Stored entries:
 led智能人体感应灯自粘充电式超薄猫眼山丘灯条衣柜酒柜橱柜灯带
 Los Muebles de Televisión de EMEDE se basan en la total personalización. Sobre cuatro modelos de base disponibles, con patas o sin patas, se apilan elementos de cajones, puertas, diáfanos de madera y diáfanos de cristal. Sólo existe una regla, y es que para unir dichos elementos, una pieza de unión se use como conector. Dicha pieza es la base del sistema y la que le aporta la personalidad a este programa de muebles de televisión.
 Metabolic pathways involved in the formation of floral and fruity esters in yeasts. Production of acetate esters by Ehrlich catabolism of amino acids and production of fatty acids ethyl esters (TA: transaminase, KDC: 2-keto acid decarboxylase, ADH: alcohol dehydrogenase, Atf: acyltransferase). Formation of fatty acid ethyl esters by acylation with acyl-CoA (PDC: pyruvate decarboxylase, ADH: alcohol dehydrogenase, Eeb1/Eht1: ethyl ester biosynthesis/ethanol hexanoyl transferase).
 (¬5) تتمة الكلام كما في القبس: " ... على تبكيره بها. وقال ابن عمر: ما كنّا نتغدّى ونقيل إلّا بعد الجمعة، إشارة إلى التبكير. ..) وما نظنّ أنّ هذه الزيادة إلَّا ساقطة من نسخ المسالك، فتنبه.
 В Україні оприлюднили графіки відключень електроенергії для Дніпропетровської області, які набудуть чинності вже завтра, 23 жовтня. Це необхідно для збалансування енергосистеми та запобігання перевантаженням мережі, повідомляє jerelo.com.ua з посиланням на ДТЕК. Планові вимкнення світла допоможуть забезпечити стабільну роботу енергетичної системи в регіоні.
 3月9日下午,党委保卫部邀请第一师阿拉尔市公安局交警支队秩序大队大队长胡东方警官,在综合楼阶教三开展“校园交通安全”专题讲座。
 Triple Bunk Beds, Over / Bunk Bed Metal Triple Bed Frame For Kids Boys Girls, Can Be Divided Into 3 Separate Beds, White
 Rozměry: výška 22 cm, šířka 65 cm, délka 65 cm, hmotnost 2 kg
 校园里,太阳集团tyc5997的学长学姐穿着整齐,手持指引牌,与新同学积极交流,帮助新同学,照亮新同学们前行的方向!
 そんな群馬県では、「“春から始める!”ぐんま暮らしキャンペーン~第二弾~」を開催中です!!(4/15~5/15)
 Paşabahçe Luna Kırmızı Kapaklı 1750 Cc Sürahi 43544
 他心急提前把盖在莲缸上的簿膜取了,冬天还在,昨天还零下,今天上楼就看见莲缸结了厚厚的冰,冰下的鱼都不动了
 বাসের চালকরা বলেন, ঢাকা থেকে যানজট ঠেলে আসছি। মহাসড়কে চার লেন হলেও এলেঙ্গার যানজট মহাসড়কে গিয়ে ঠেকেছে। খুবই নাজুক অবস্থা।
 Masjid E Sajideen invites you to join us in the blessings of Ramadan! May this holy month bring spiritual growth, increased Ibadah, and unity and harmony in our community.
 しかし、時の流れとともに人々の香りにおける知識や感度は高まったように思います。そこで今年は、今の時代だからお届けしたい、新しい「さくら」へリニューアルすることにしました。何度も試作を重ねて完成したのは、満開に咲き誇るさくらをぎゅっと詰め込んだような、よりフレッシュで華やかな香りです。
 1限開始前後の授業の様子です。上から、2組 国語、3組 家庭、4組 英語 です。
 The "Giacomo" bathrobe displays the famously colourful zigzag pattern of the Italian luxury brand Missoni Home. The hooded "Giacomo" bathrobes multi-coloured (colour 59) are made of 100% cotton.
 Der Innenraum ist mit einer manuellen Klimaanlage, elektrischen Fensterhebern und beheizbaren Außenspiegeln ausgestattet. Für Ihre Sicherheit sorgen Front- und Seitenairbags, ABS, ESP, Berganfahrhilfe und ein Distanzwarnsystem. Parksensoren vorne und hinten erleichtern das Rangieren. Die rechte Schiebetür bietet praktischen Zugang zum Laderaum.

What the exercise asks:
Reproduce the entries above in full, exactly as they read.

Solved problem:
 led智能人体感应灯自粘充电式超薄猫眼山丘灯条衣柜酒柜橱柜灯带
 Los Muebles de Televisión de EMEDE se basan en la total personalización. Sobre cuatro modelos de base disponibles, con patas o sin patas, se apilan elementos de cajones, puertas, diáfanos de madera y diáfanos de cristal. Sólo existe una regla, y es que para unir dichos elementos, una pieza de unión se use como conector. Dicha pieza es la base del sistema y la que le aporta la personalidad a este programa de muebles de televisión.
 Metabolic pathways involved in the formation of floral and fruity esters in yeasts. Production of acetate esters by Ehrlich catabolism of amino acids and production of fatty acids ethyl esters (TA: transaminase, KDC: 2-keto acid decarboxylase, ADH: alcohol dehydrogenase, Atf: acyltransferase). Formation of fatty acid ethyl esters by acylation with acyl-CoA (PDC: pyruvate decarboxylase, ADH: alcohol dehydrogenase, Eeb1/Eht1: ethyl ester biosynthesis/ethanol hexanoyl transferase).
 (¬5) تتمة الكلام كما في القبس: " ... على تبكيره بها. وقال ابن عمر: ما كنّا نتغدّى ونقيل إلّا بعد الجمعة، إشارة إلى التبكير. ..) وما نظنّ أنّ هذه الزيادة إلَّا ساقطة من نسخ المسالك، فتنبه.
 В Україні оприлюднили графіки відключень електроенергії для Дніпропетровської області, які набудуть чинності вже завтра, 23 жовтня. Це необхідно для збалансування енергосистеми та запобігання перевантаженням мережі, повідомляє jerelo.com.ua з посиланням на ДТЕК. Планові вимкнення світла допоможуть забезпечити стабільну роботу енергетичної системи в регіоні.
 3月9日下午,党委保卫部邀请第一师阿拉尔市公安局交警支队秩序大队大队长胡东方警官,在综合楼阶教三开展“校园交通安全”专题讲座。
 Triple Bunk Beds, Over / Bunk Bed Metal Triple Bed Frame For Kids Boys Girls, Can Be Divided Into 3 Separate Beds, White
 Rozměry: výška 22 cm, šířka 65 cm, délka 65 cm, hmotnost 2 kg
 校园里,太阳集团tyc5997的学长学姐穿着整齐,手持指引牌,与新同学积极交流,帮助新同学,照亮新同学们前行的方向!
 そんな群馬県では、「“春から始める!”ぐんま暮らしキャンペーン~第二弾~」を開催中です!!(4/15~5/15)
 Paşabahçe Luna Kırmızı Kapaklı 1750 Cc Sürahi 43544
 他心急提前把盖在莲缸上的簿膜取了,冬天还在,昨天还零下,今天上楼就看见莲缸结了厚厚的冰,冰下的鱼都不动了
 বাসের চালকরা বলেন, ঢাকা থেকে যানজট ঠেলে আসছি। মহাসড়কে চার লেন হলেও এলেঙ্গার যানজট মহাসড়কে গিয়ে ঠেকেছে। খুবই নাজুক অবস্থা।
 Masjid E Sajideen invites you to join us in the blessings of Ramadan! May this holy month bring spiritual growth, increased Ibadah, and unity and harmony in our community.
 しかし、時の流れとともに人々の香りにおける知識や感度は高まったように思います。そこで今年は、今の時代だからお届けしたい、新しい「さくら」へリニューアルすることにしました。何度も試作を重ねて完成したのは、満開に咲き誇るさくらをぎゅっと詰め込んだような、よりフレッシュで華やかな香りです。
 1限開始前後の授業の様子です。上から、2組 国語、3組 家庭、4組 英語 です。
 The "Giacomo" bathrobe displays the famously colourful zigzag pattern of the Italian luxury brand Missoni Home. The hooded "Giacomo" bathrobes multi-coloured (colour 59) are made of 100% cotton.
 Der Innenraum ist mit einer manuellen Klimaanlage, elektrischen Fensterhebern und beheizbaren Außenspiegeln ausgestattet. Für Ihre Sicherheit sorgen Front- und Seitenairbags, ABS, ESP, Berganfahrhilfe und ein Distanzwarnsystem. Parksensoren vorne und hinten erleichtern das Rangieren. Die rechte Schiebetür bietet praktischen Zugang zum Laderaum.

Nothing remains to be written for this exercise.